(Data shown Opens)

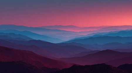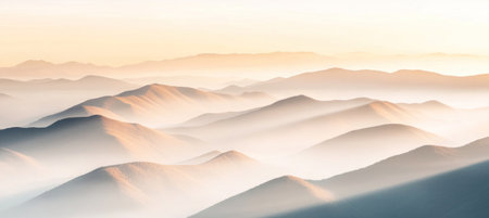 Beautiful dawn scene depicting a layered mountain range with soft pastel gradients and misty horizons, evoking tranquility and a sense of exploration in nature.
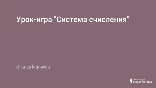 Урок-игра на закрепление и контроль знаний по теме. Учебная группа из двух 10-х классов разбивается на четыре команды по 6 человек. Каждая команда выбирает своего капитана и дает название своей команде. В ходе подготовки к уроку командам было дано задание придумать стихотворение из одного куплета на тему «Системы счисления» по 5, 6, 7 и 8-балльной системам счисления. В ходе игры применяется презентация.
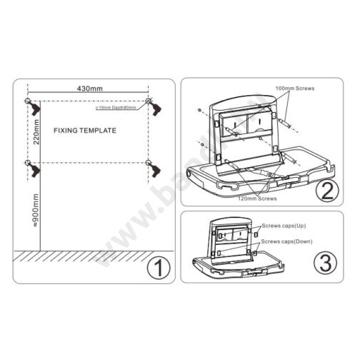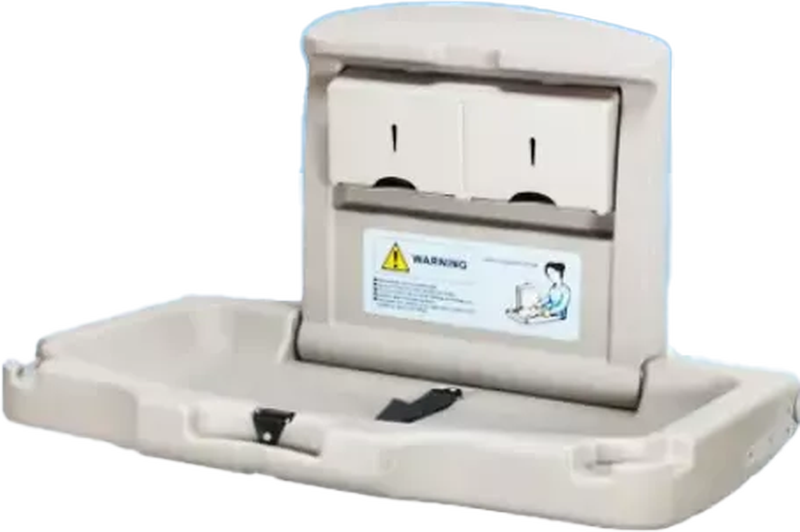 Falra szerelhető, lehajtható pelenkázó asztal polietilénből. A termék felhajtott állapotában mindössze 11 cm-re áll el a faltól.

(Data shown Closes)

* Description of the task
Only the text of the listing should be returned, exactly and in full; no image goes into the copy.

* Written reply
 Beautiful dawn scene depicting a layered mountain range with soft pastel gradients and misty horizons, evoking tranquility and a sense of exploration in nature.
 Урок-игра на закрепление и контроль знаний по теме. Учебная группа из двух 10-х классов разбивается на четыре команды по 6 человек. Каждая команда выбирает своего капитана и дает название своей команде. В ходе подготовки к уроку командам было дано задание придумать стихотворение из одного куплета на тему «Системы счисления» по 5, 6, 7 и 8-балльной системам счисления. В ходе игры применяется презентация.
 Falra szerelhető, lehajtható pelenkázó asztal polietilénből. A termék felhajtott állapotában mindössze 11 cm-re áll el a faltól.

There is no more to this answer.